Problem requirements
Starting with the line containing "ภาพที่ 2.21 พื้นที่สีเขียวของโครงการฯ" and going on through the line containing "Pour alimenter la", return the lines of the data below exactly, and only those.

Source records
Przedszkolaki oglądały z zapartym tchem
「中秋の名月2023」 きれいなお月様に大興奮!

--

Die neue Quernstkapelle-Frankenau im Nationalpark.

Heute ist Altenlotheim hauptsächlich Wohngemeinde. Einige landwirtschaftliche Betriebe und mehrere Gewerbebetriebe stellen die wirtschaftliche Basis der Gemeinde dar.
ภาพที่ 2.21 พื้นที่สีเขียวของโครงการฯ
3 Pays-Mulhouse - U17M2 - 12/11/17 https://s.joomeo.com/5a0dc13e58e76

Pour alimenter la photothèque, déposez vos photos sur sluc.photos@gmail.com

Exercise answer
ภาพที่ 2.21 พื้นที่สีเขียวของโครงการฯ
3 Pays-Mulhouse - U17M2 - 12/11/17 https://s.joomeo.com/5a0dc13e58e76

Pour alimenter la photothèque, déposez vos photos sur sluc.photos@gmail.com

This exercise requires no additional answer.